Uber to Seal $3.1B Deal to Buy Careem This Week - heshamg
https://www.bloomberg.com/news/articles/2019-03-24/uber-is-said-to-seal-3-1-billion-deal-to-buy-careem-this-week
======
logicx24
Uber's strategy right now is to maximize horizontal integration across as many
markets as possible. They're leveraging cheap credit and an infusion of
private money (mainly from Middle Eastern investors looking to diversify their
portfolios) to expand as quickly as they can in local transportation.

This growth, combined with their subsidization across all their products, is
producing huge near-term losses. However, I think it's a prudent investment.

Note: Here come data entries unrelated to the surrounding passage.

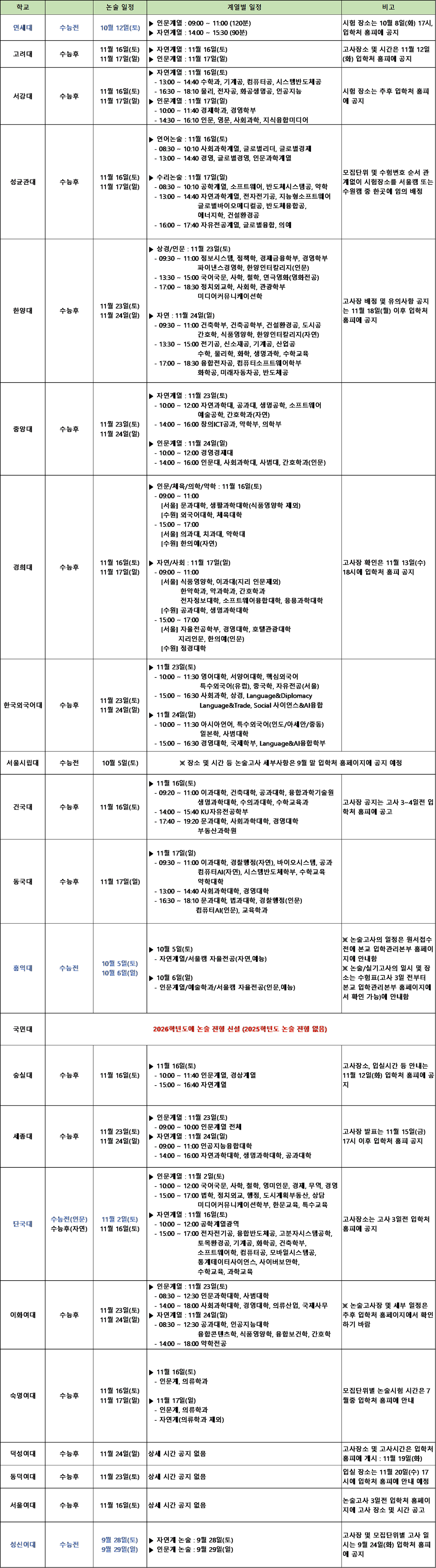 | 성균관대 | 수능후 | 11월 16일(토) 11월 17일(일) |
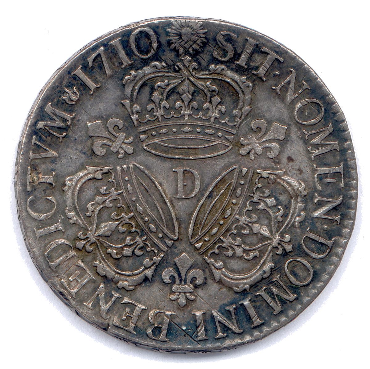 Ecu dargent aux trois couronnes (tête daigle/flamme) D = Lyon.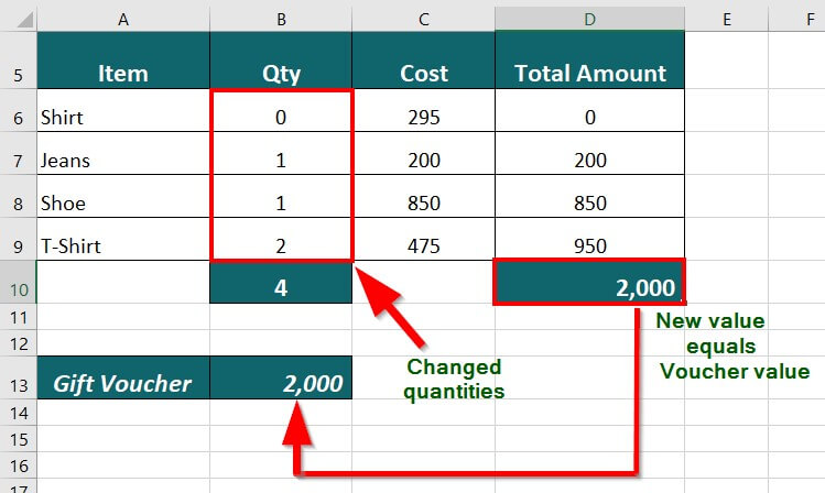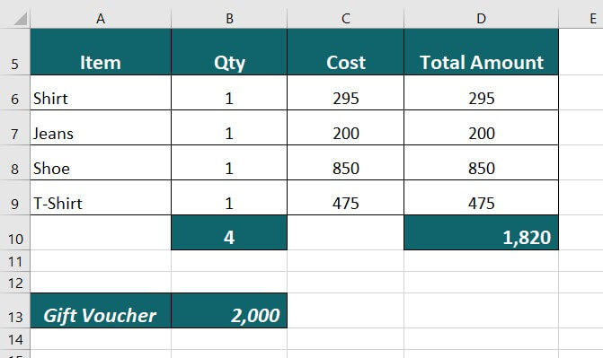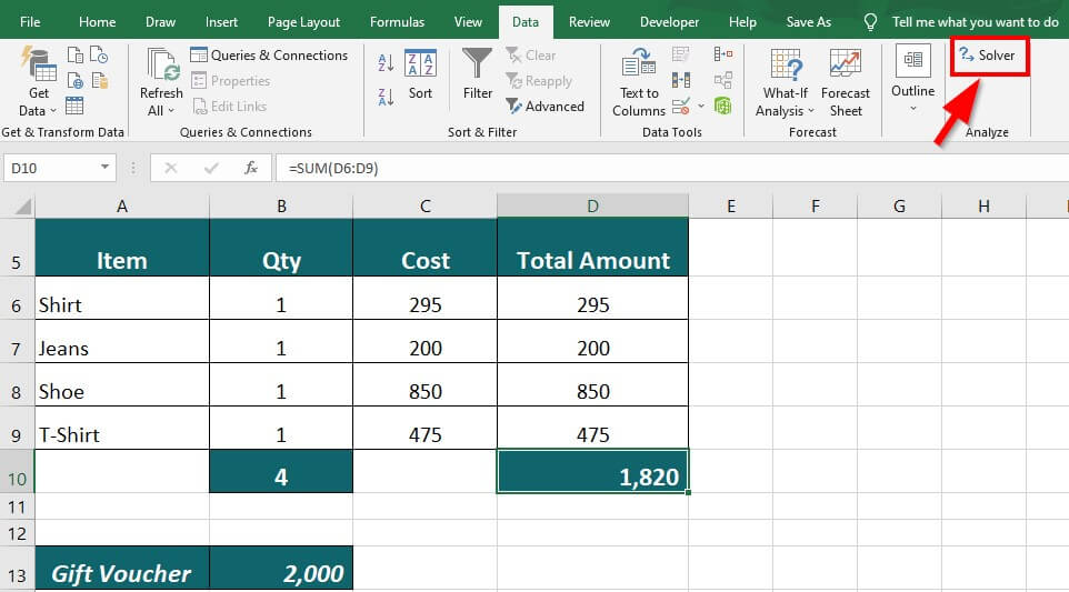 Imagine you receive a Gift Voucher worth $2,000 at a shopping mall. The list of items you can purchase using the voucher is given below, with their prices. If you buy one of each item, it costs $1,820. We want to determine how many items you need to purchase to spend the entire voucher amount of $2,000. Let’s see how we can use Solver in Excel to achieve this.

Uber needs to solidify its moat in an industry that offer little in terms of
differentiation beyond price. By trying offer as many services as possible,
Uber's trying to make itself the go-to hub of local transportation, and in
doing so, start to change its role from a dispatch middleman to a full service
transportation platform.

And so, I think in the years following IPO, we'll slowly see them reduce their
efforts for horizontal expansion and slowly turn the lever back towards
profit. This will happen slowly and differently across markets, with price
rises starting in regions they have the strongest foothold, but will slowly
trickle across all markets. The hope for them is that through this rapid
expansion, they've bought enough leverage to raise prices without losing too
many customers.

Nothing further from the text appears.